Credit Scoring Rules New Amendments
Credit Scoring Rules Amendments Include More Information
Equifax, Experian and Trans Union, the nation’s 3 credit reporting giants have agreed to some key policy changes. Under pressure from New York Attorney General Eric Snederman’s lawsuit the credit reporting agencies have agreed to a number of important changes to be implemented nation wide over the next 39 months. Trained employees will be required to review the documentation even if the creditor says it is correct. Special representatives will deal with creditors and lenders.
“The nation’s largest reporting agencies have a responsibility to investigate and correct errors on consumer credit reports. This agreement will reform the entire industry and provide vital protections for millions of consumers across the country.” said Snederman in a statement about the changes won through over a year of negotiations. Of most concern to consumers are the following provisions:
- People who contest items in their credit report will receive more information concerning their disputes including instructions on what to do if not satisfied with the answer.
- Medical debt won’t be reported until a 180 day waiting period passes to allow time for insurance payments to be processed.
- Medical debt reported in collections will be removed if it has been or is being paid by insurance.
New credit scoring rules provide that all debts such as tickets and fines that did not arise out of a contract with the consumer will be deleted and expunged. Those who file a dispute will get a second set of free credit reports that year.

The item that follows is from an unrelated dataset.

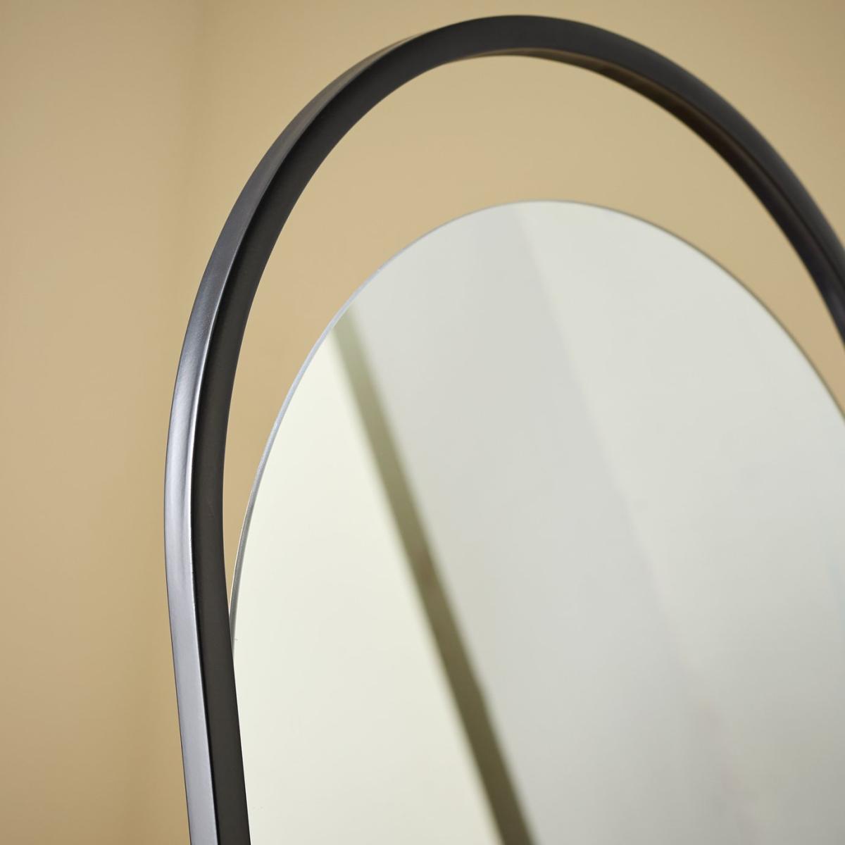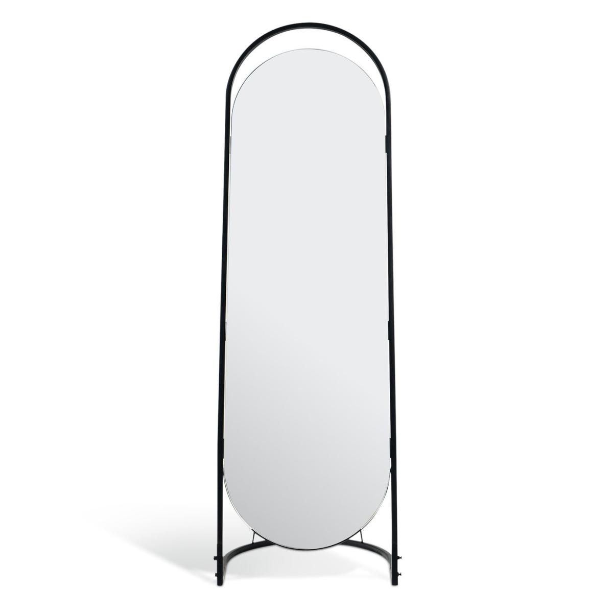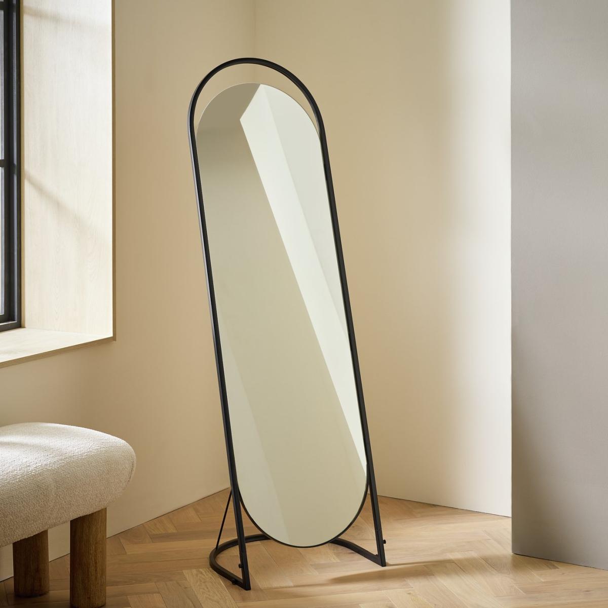 We love this full-length mirror with its quirky frameless top. The aesthetically pleasing gap gives it a fresh, contemporary feel. Encased in slim black metal, the curves emphasise its modern design. Freestanding it will enhance a room in a moment. Size H144, W45, D40cm. Frame material: Metal. Hanging fixture type:Freestanding. Freestanding mirror. Supporting foot. Total weight: 8.5kg. Fixtures and fittings included. Self-assembly.
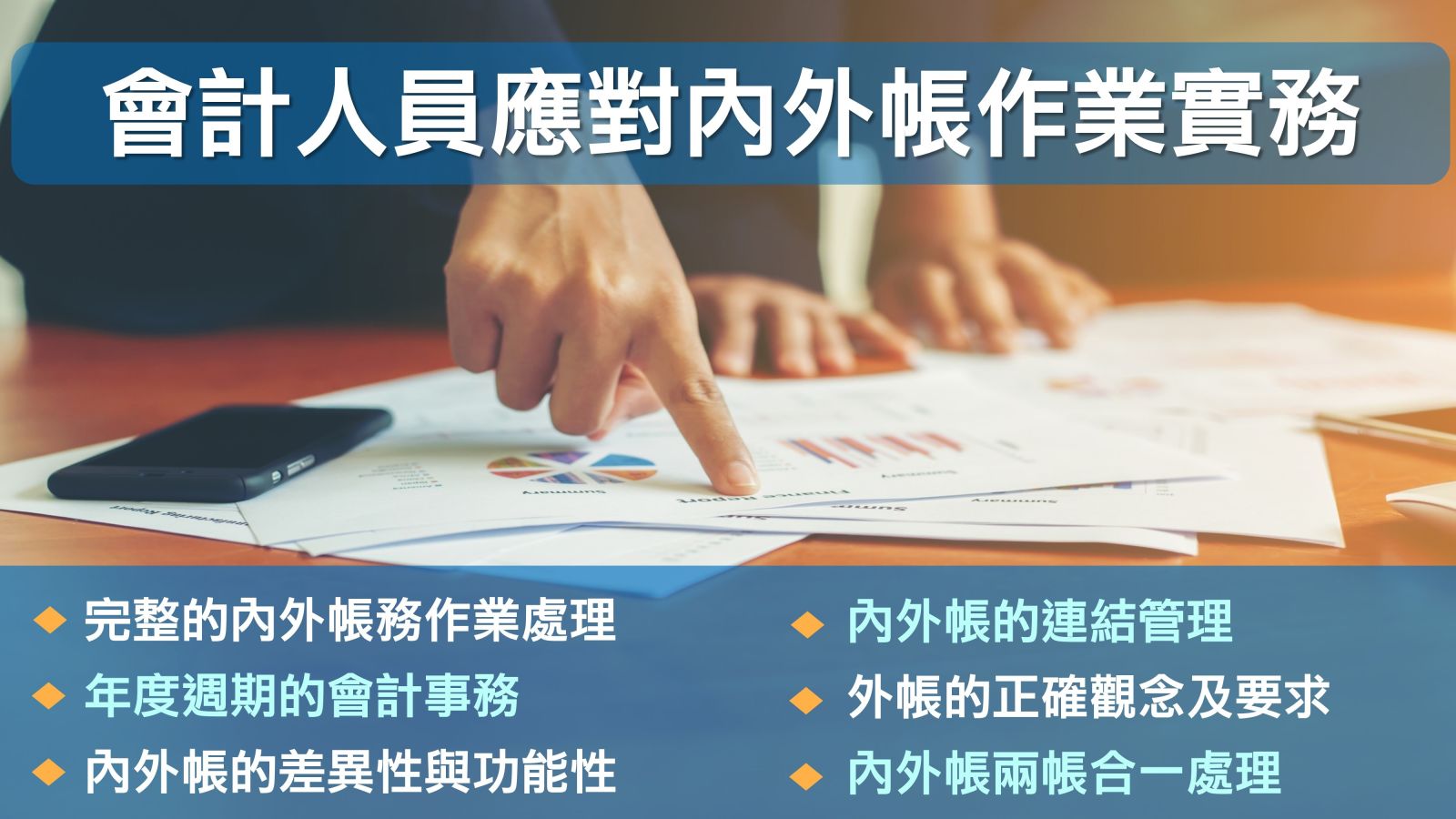 會計人員透過帳務處理產出對內營運資訊上的報告,對外按照政府主管機關的規定處理稅務申報繳納等相關事宜,無論企業新舊、規模大小、賺錢賠錢都有此等對內控管、對外稅務等簡單與複雜程度不同功能上的需求;就會計本身而言,即是財會、成會及稅務會計的事務;若從應對的重點及會計人員配置角度,即產生有內、外帳不同重點功能的需求處理及整合運用。本課程即針對公司內帳和外帳帳務處理實務做說明講授。

Medical Debt Changes are Widespread
In August of 2014 FICO announced changes in their credit scoring rules providing that medical debt will have a smaller impact on credit scores. The average amount reported for medical debt is $600.00. Over 43 million Americans have past due medical debt. 52 per cent of all debt on credit reports is medical.
Equally important was the announcement that debts that go to collection agencies and are satisfied will no longer be counted. Further reforms are in the works as the credit scoring system yields to consumer demands for more fairness and transparency.